Correlation Between Cambria Value and Global X
Can any of the company-specific risk be diversified away by investing in both Cambria Value and Global X at the same time? Although using a correlation coefficient on its own may not help to predict future stock returns, this module helps to understand the diversifiable risk of combining Cambria Value and Global X into the same portfolio, which is an essential part of the fundamental portfolio management process.
By analyzing existing cross correlation between Cambria Value and and Global X NASDAQ, you can compare the effects of market volatilities on Cambria Value and Global X and check how they will diversify away market risk if combined in the same portfolio for a given time horizon. You can also utilize pair trading strategies of matching a long position in Cambria Value with a short position of Global X. Check out your portfolio center. Please also check ongoing floating volatility patterns of Cambria Value and Global X.

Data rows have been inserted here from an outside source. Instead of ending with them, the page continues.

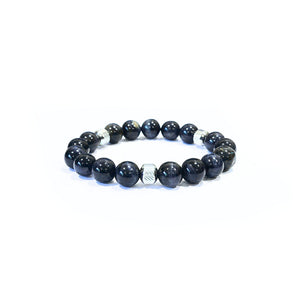 Deep Blue Tiger's eye Bracelet with Decorative Silver Charms, Semiprecious Stone Jewelry
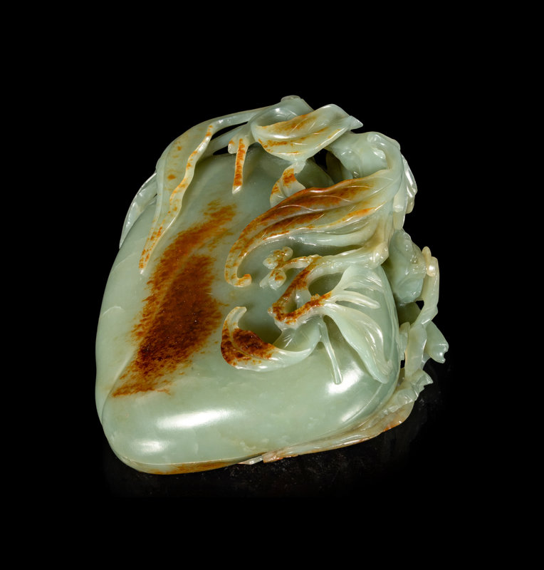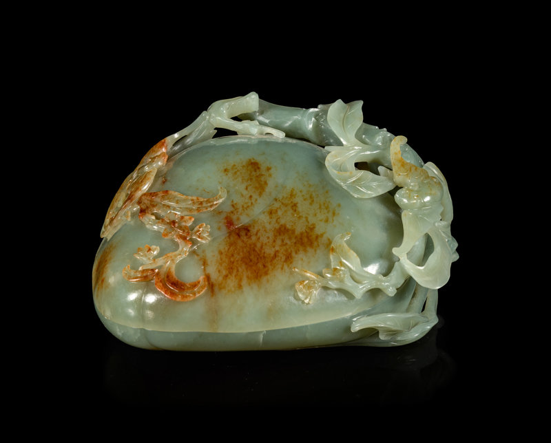 A Russet and Celadon Jade 'Peach and Bat' Covered Box
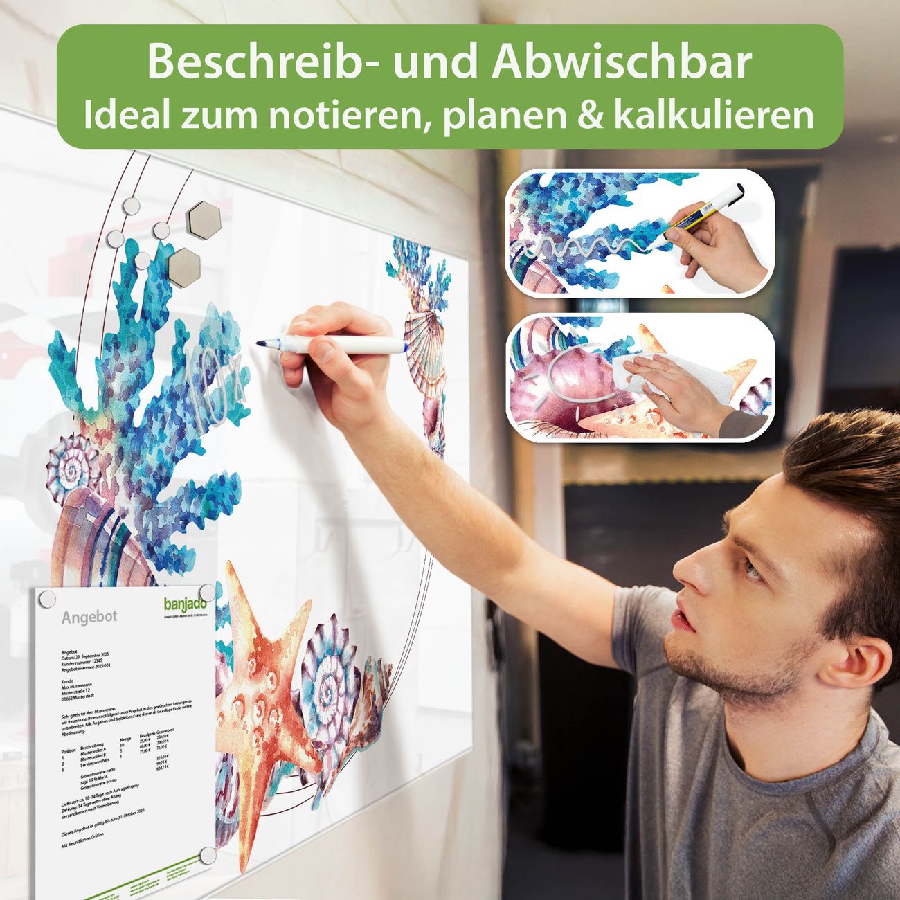 Jede Glas Magnettafel wird in unserer Werkstatt von Hand gefertigt und sorgfältig geprüft. So erhalten Sie ein echtes Qualitätsprodukt, das Funktion und Ästhetik perfekt vereint.?? Warum banjado?
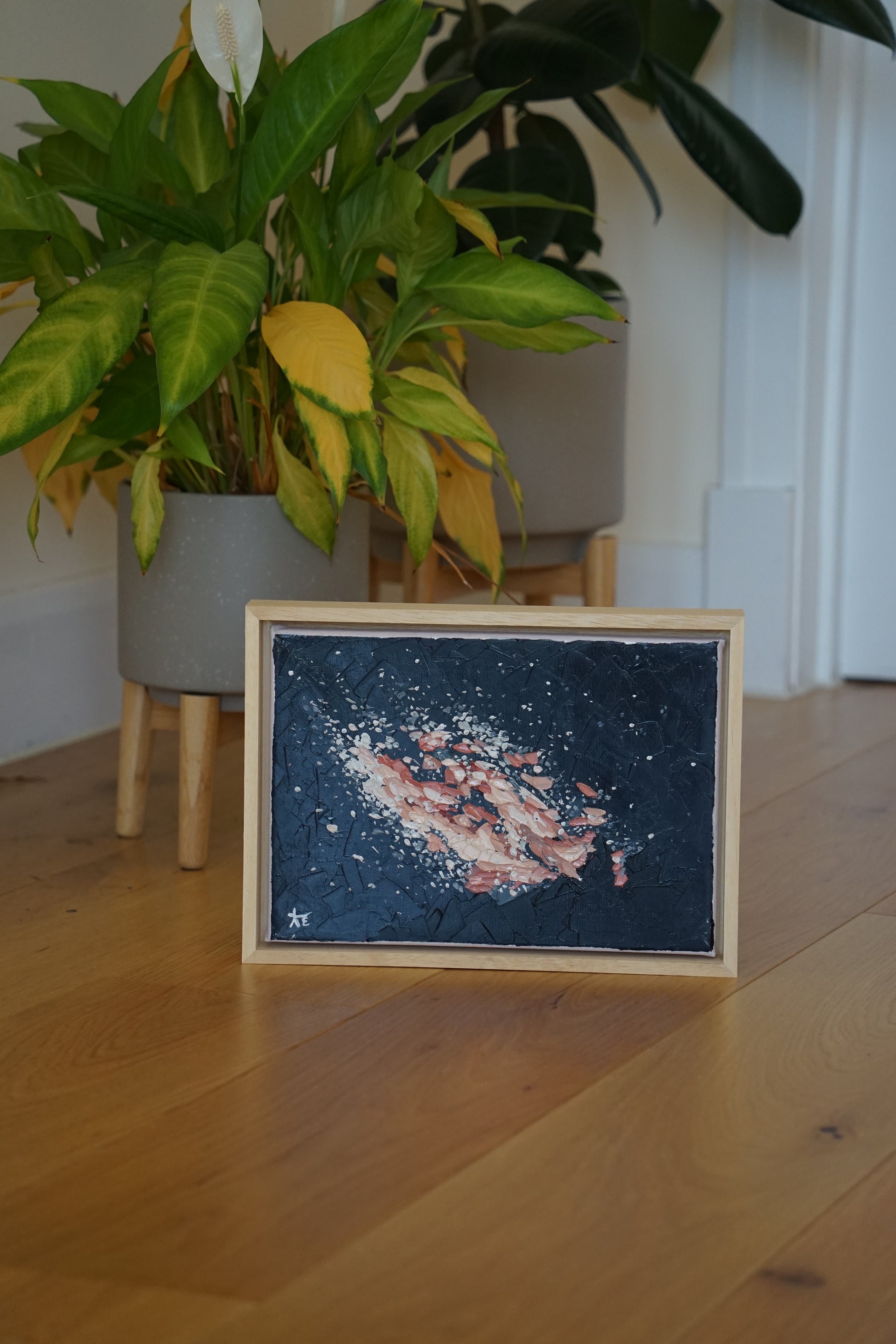Oil painting on stretched canvas. Framed in a natural wooden floater frame, with a 36mm/53mm depth to give your artwork that stunning floating effect. Ready to hang.
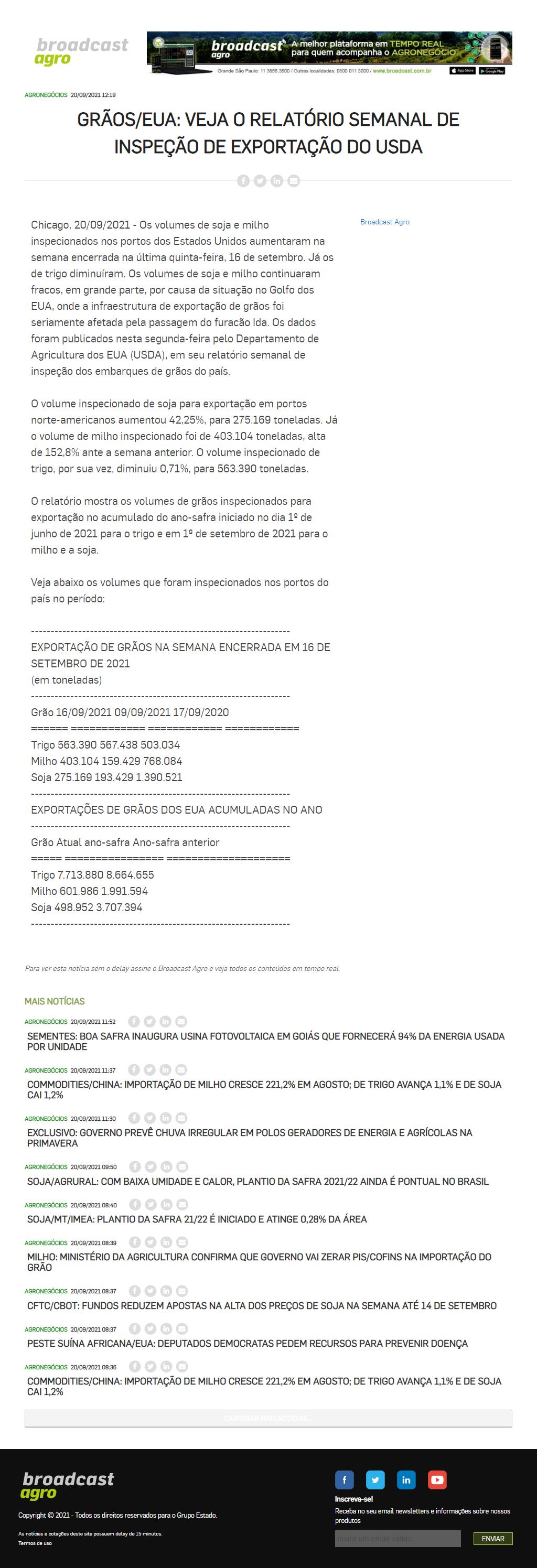 Grãos/EUA: Veja o relatório semanal de inspeção de exportação do USDA
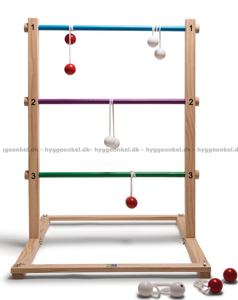 Steggolf är ett mycket roligt spel för hela familjen. Kasta bollarna och försök få dem att fastna på stegen. Beroende på vilket steg de landar på får du 1, 2 eller 3 poäng.
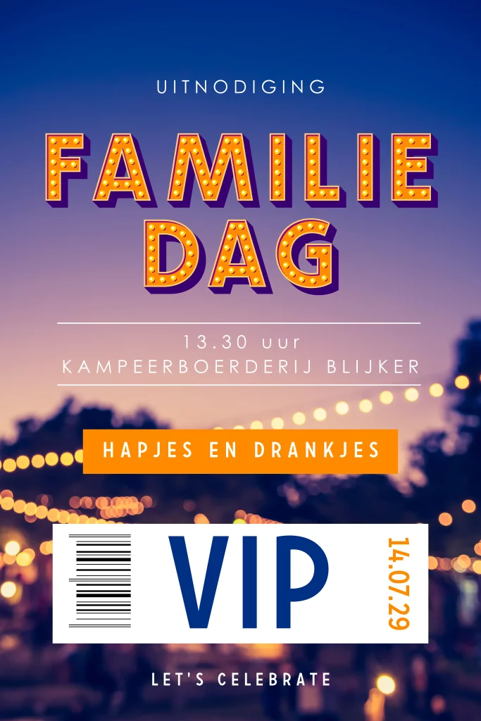 Festival ticket uitnodiging voor een gezellige familiedag met hapjes en drankjes. Deze uitnodiging kun je als VIP ticket gebruiken. Op de achtergrond staat een sfeerfoto van een festival met lampjes. Alle teksten en kleuren zijn eenvoudig aan te passen in onze editor.
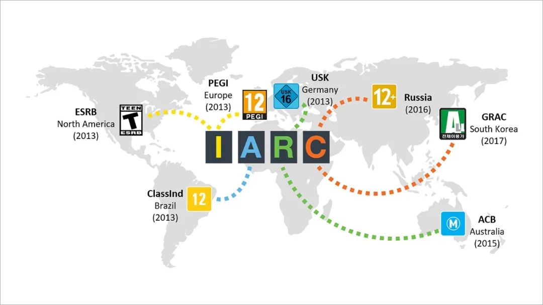 近年來,一個叫IARC(國際年齡分級聯盟)的東西慢慢流行起來,它由北美、歐洲、巴西的評級機構聯合發起,後來又吸收了澳大利亞、俄羅斯、韓國等地區的評級機構參與進來,旨在整合、簡化不同地區的評級流程。開發者填寫一次問卷,就能同時拿到多個地區的數字發行評級,對小型數字遊戲還免費。這對小團隊簡直是天大的好消息。不過嘛,IARC暫時只管數字商店,主機平台和實體店的ESRB評級,依然一個也少不了。
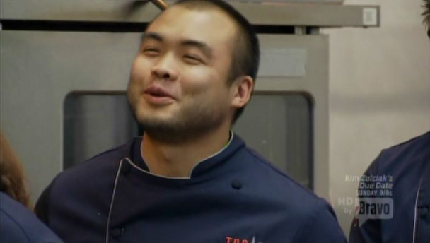 Dean Fearing keeps asking people if they used a roue in their mother sauce and people keep saying no and he keeps smiling but you know on the inside he is not smiling. Does anyone on this show know what they're doing? It does seem early still in the season, but this really is starting to feel like the worst group of contestants ever. Anyway, Dean's least favorite dishes were Dakota's scallop and peaches with bechamel (yuck!), Nyesha's tomato something or other (with coconut? what up?), and Beverly's sushi roll with steak that was supposed to have a mother sauce on it but it turns out "soy" is not a mother sauce. Eek to all three of these clowns. The best dishes were Grayson's scallop and ravioli, Paul's quail with espagnole sauce, and Gay Chris's halibut with velouté. The overall winner is Grayson. Good job, Grayson.
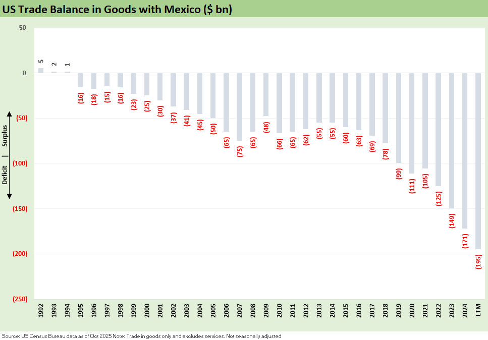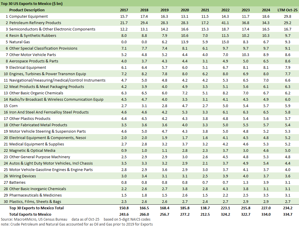 The above chart details the steady growth in trade deficits with Mexico including a new LTM high. In contrast, Canada-US shows a goods trade surplus ex-crude (see Canada-US Trade: Trump Attack N+1 1-25-26).
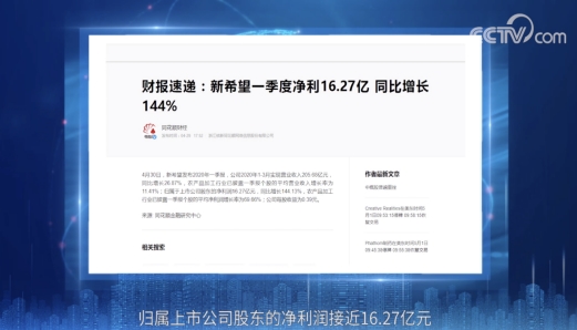 以新希望集团为例,其于4月29日公布的2020年第一季度财报显示,该企业实现营业收入205.68亿元,同比去年增幅在27%以内;净利润16.27亿元,同比增长144%。出色的数据,成了他们抗击疫情的最好答卷。
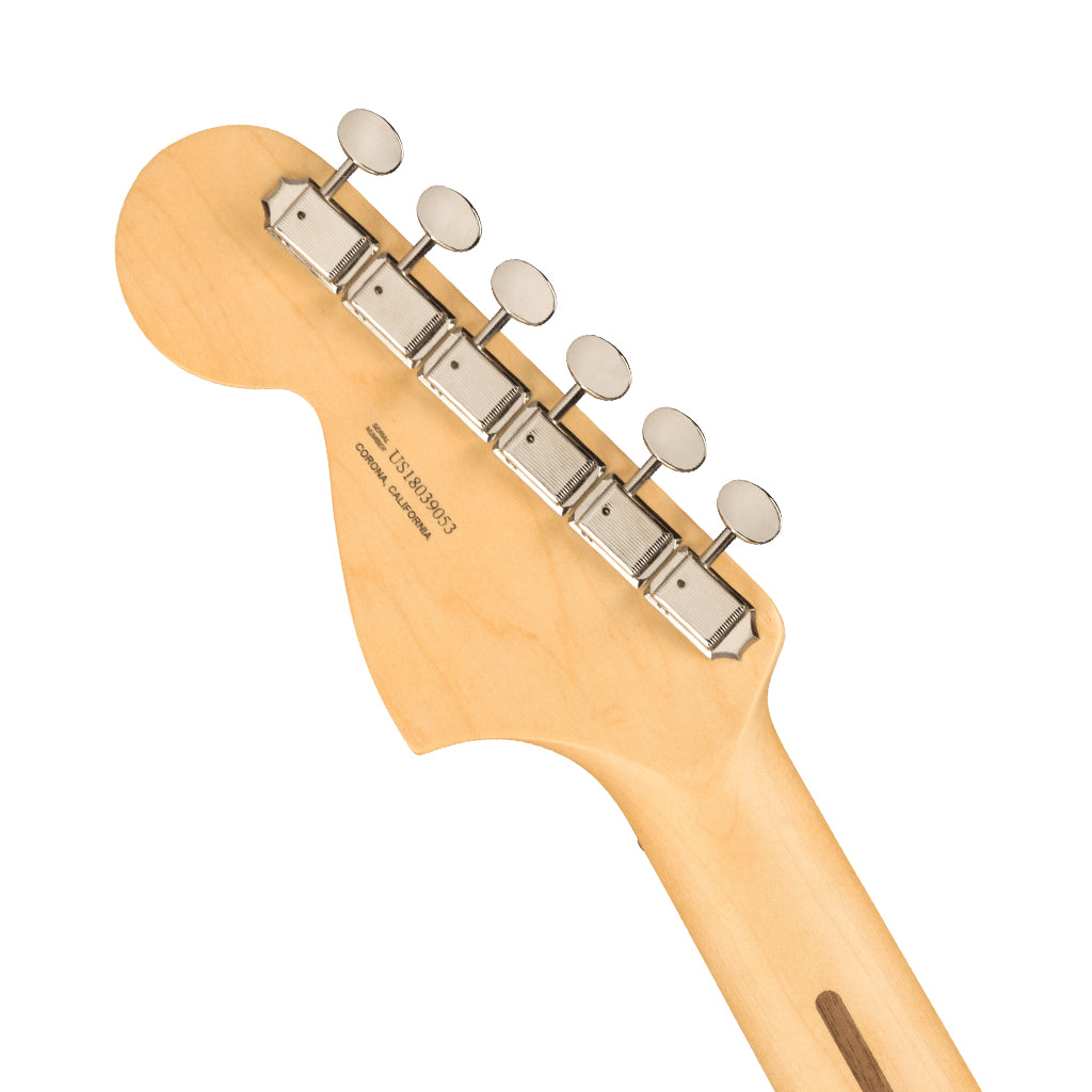 The American Performer Mustang harks back to what was originally created as a student guitar, which now maintains the 24” scale length. The scale coupled with the body shape makes for an easy play that maintains resonance when strumming, but quickly dials back to clear and concise fretted notes when required.

Diversification Opportunities for Cambria Value and Global X
0.8 | Correlation Coefficient |
Very poor diversification
The 3 months correlation between Cambria and Global is 0.8. Overlapping area represents the amount of risk that can be diversified away by holding Cambria Value and and Global X NASDAQ in the same portfolio, assuming nothing else is changed. The correlation between historical prices or returns on Global X NASDAQ and Cambria Value is a relative statistical measure of the degree to which these equity instruments tend to move together. The correlation coefficient measures the extent to which returns on Cambria Value and are associated (or correlated) with Global X. Values of the correlation coefficient range from -1 to +1, where. The correlation of zero (0) is possible when the price movement of Global X NASDAQ has no effect on the direction of Cambria Value i.e., Cambria Value and Global X go up and down completely randomly.
Pair Corralation between Cambria Value and Global X
Given the investment horizon of 90 days Cambria Value is expected to generate 1.61 times less return on investment than Global X. In addition to that, Cambria Value is 1.33 times more volatile than Global X NASDAQ. It trades about 0.1 of its total potential returns per unit of risk. Global X NASDAQ is currently generating about 0.21 per unit of volatility. If you would invest 2,942 in Global X NASDAQ on September 16, 2024 and sell it today you would earn a total of 297.00 from holding Global X NASDAQ or generate 10.1% return on investment over 90 days.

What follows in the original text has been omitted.